On Wed, Jul 17, 2002 at 04:25:56PM -0300, Rik van Riel wrote:
> On Wed, 17 Jul 2002, Guillaume Boissiere wrote:
>
> > New week, new status update...
> > The details are at http://www.kernelnewbies.org/status/
> >
> > With the code freeze date approaching soon, it is obvious that many
> > of these projects will not get merged in the next 3 months.
> > What would you rather me do? Keep them in here just for reference,
> > mark them as post-code freeze or just delete them?
>
> Please keep them as post-code freeze. They might not go into
> 2.5 and early 2.6, but that doesn't mean we should throw away
> our TODO list ;)

Indeed. It may even be an idea to take what I started doing at
http://www.codemonkey.org.uk/Linux-2.5.html, merging the two
and Guillaume running with this if you have time, because these days,
between hacking and merging patches, I'm kept pretty busy, so updates
to that file are getting less frequent.

Dave

--
| Dave Jones. http://www.codemonkey.org.uk
| SuSE Labs

2002-07-18 04:27:55

by Guillaume Boissiere

[permalink] [raw]
Subject: Re: [STATUS 2.5] July 17, 2002

> Indeed. It may even be an idea to take what I started doing at
> http://www.codemonkey.org.uk/Linux-2.5.html, merging the two
> and Guillaume running with this if you have time, because these days,
> between hacking and merging patches, I'm kept pretty busy, so updates
> to that file are getting less frequent.
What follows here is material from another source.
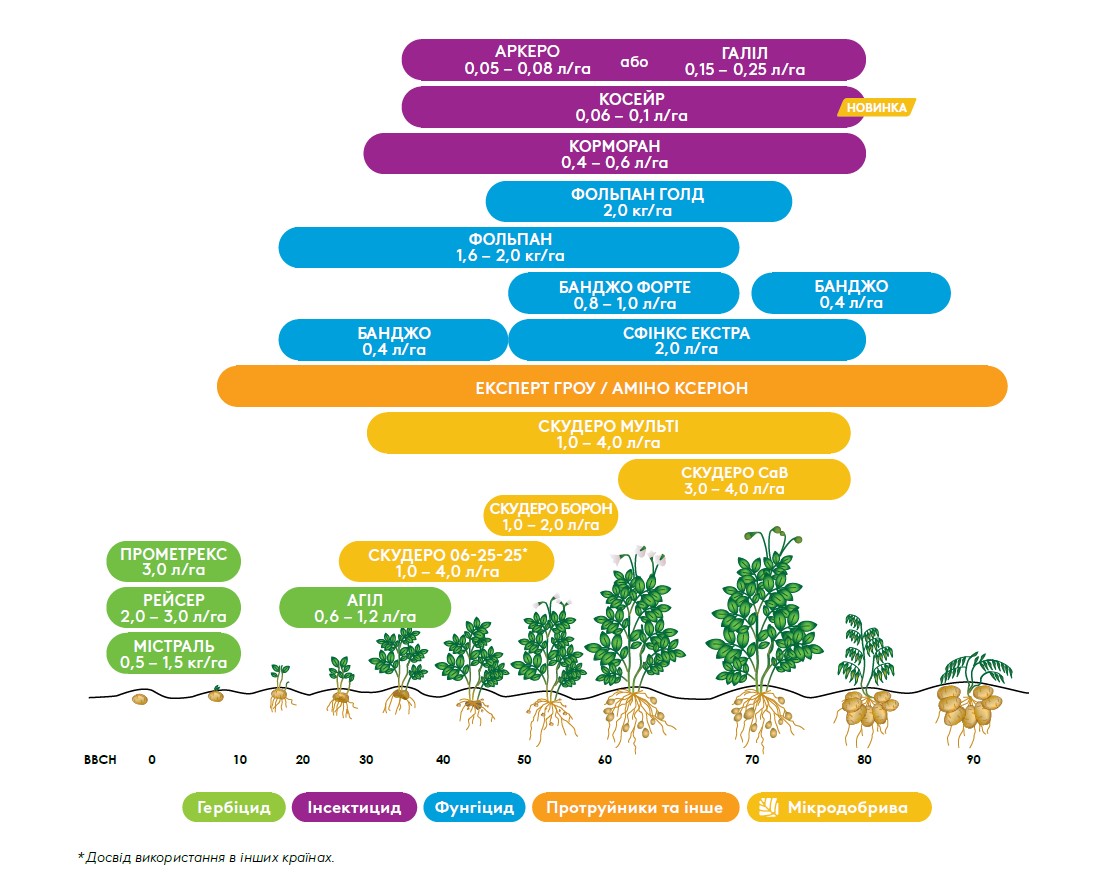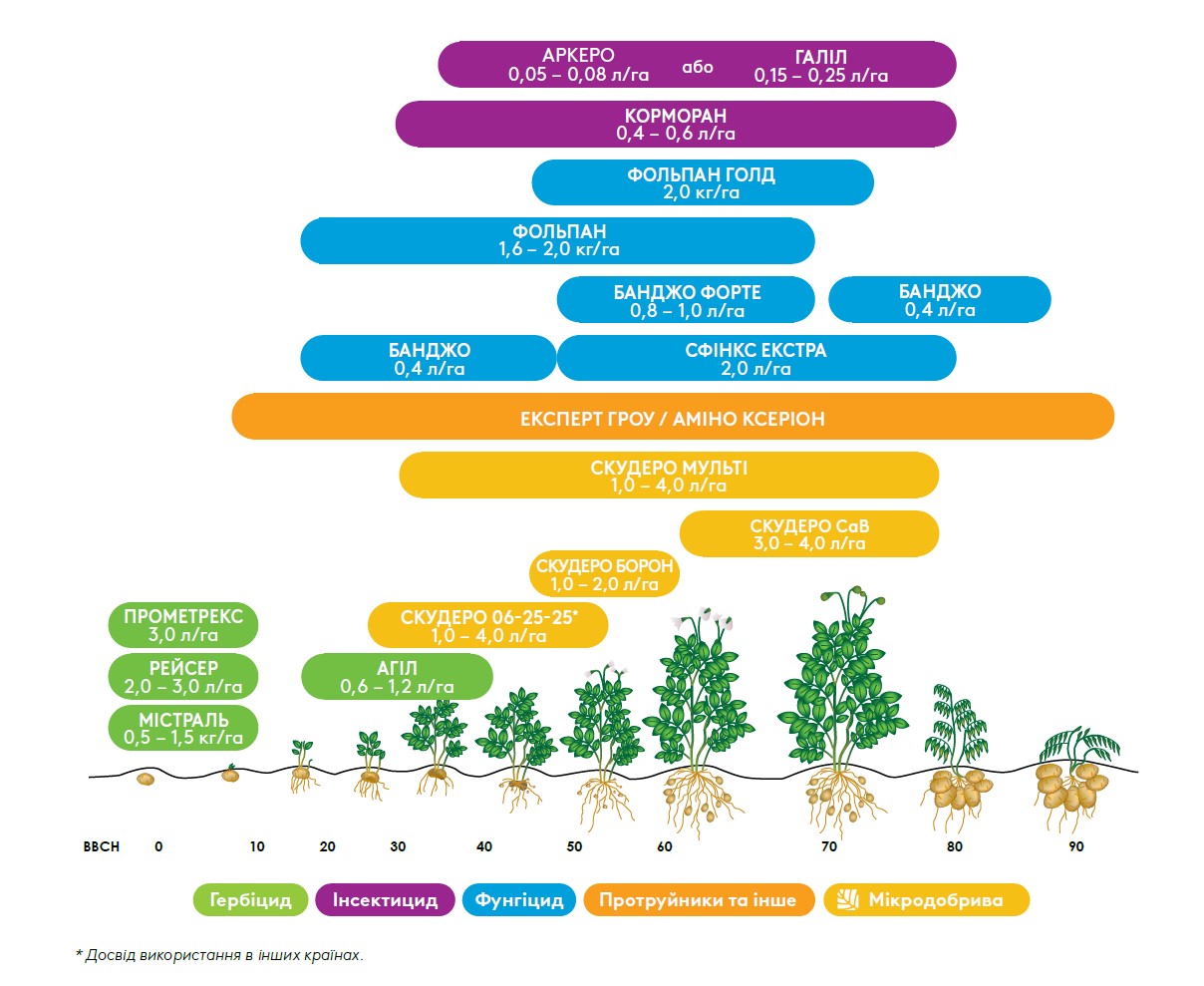 Схема захисту від бур’янів, хвороб, шкідників, продуктами ADAMA, а також застосування біостимуляторів та мікродобрив.

I would like to be able to do more to help the community, and in particular
you Dave as feature freeze for 2.6 approaches and it becomes critical to
track things down, but unless a Linux company out there can sponsor me,
I just won't be able to dedicate more time than I am already dedicating to
this.

Doing a good job at tracking a gazillion items and bugging people about
patches and status is just incredibly time consuming.